The load method of Corpus objects returns a MultiIndexed DataFrame, with three levels: filename, sentence number, and token number. This object can be searched very quickly, because all data is in memory.

class corpkit.corpus.LoadedCorpus(data, path=False)[source]

Bases: corpkit.interrogation.Results

Store a corpus in memory as a DataFrame.

This class has all the same methods as a Results object.
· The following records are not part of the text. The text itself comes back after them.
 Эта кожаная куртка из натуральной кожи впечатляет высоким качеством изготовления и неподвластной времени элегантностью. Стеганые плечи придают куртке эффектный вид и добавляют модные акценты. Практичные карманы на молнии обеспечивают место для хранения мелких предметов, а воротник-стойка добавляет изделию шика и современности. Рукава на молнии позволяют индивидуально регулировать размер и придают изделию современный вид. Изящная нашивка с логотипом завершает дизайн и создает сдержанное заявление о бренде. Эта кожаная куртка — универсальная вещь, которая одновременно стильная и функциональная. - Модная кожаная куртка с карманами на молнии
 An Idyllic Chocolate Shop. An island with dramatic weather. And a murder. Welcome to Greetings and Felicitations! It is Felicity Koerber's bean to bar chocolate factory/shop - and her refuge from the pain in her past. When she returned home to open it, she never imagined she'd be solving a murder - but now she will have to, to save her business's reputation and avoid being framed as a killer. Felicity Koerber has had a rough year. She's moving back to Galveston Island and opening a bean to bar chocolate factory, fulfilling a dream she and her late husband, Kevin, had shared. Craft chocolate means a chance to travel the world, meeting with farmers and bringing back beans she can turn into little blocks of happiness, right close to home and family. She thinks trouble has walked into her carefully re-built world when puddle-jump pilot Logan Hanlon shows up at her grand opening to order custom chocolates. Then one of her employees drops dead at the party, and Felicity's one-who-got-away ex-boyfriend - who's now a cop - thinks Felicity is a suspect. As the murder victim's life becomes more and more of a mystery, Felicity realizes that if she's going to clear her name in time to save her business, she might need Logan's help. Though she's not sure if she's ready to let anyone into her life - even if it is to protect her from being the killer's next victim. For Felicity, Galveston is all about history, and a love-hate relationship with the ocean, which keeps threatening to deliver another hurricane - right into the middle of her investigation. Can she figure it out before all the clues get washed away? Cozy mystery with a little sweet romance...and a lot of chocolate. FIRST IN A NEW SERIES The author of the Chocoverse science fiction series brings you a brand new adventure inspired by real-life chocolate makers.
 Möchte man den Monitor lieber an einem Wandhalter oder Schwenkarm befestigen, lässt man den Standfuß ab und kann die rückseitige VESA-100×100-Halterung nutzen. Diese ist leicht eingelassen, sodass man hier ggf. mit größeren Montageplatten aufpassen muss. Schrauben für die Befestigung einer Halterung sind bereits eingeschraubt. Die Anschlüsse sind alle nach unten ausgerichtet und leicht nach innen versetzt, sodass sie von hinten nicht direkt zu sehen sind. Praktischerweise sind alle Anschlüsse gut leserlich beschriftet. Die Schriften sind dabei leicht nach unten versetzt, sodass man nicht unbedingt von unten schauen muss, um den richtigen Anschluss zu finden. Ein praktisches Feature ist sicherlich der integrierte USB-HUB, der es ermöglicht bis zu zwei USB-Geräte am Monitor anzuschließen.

The only real difference is that slicing it will do some reindexing to speed up searches.

Results

Searching a corpus returns an object that can be searched again, turned into tables or concordance lines, or exported to other formats.

class corpkit.interrogation.Results(matches, reference=False, path=False, qstring=False)[source]

Bases: pandas.core.frame.DataFrame

Search results, a record of matching tokens in a Corpus

keyness(*args, **kwargs)[source]

Calculate keyness for each subcorpus

Returns:DataFrame
visualise(**kwargs)[source]

Visualise corpus interrogations.

Keyword Arguments:
 
  • title (str) – A title for the plot
  • x_label (str) – A label for the x axis
  • y_label (str) – A label for the y axis
  • kind (str) – The kind of chart to make
  • style (str) – Visual theme of plot
  • figsize (tuple of dimensions) – Size of plot
  • save (bool/str) – If bool, save with title as name; if str, use str as name
  • legend_pos (str) – Where to place legend
  • reverse_legend (bool) – Reverse the order of the legend
  • num_to_plot (int/‘all’) – How many columns to plot
  • tex (bool) – Use TeX to draw plot text
  • colours (str) – Colourmap for lines/bars/slices
  • cumulative (bool) – Plot values cumulatively
  • pie_legend (bool) – Show a legend for pie chart
  • partial_pie (bool) – Allow plotting of pie slices only
  • (str (show_totals) – legend/plot): Print sums in plot where possible
  • transparent (bool) – Transparent .png background
  • output_format (str) – File format for saved image
  • black_and_white (bool) – Create black and white line styles
  • show_p_val (bool) – Attempt to print p values in legend if contained in df
  • stacked (bool) – When making bar chart, stack bars on top of one another
  • filled (bool) – For area and bar charts, make every column sum to 100
  • legend (bool) – Show a legend
  • rot (int) – Rotate x axis ticks by rot degrees
  • subplots (bool) – Plot each column separately
  • layout (tuple) – Grid shape to use when subplots is True
  • interactive – Experimental interactive options
Returns:

matplotlib figure

multiplot(main_params={}, sub_params={}, **kwargs)[source]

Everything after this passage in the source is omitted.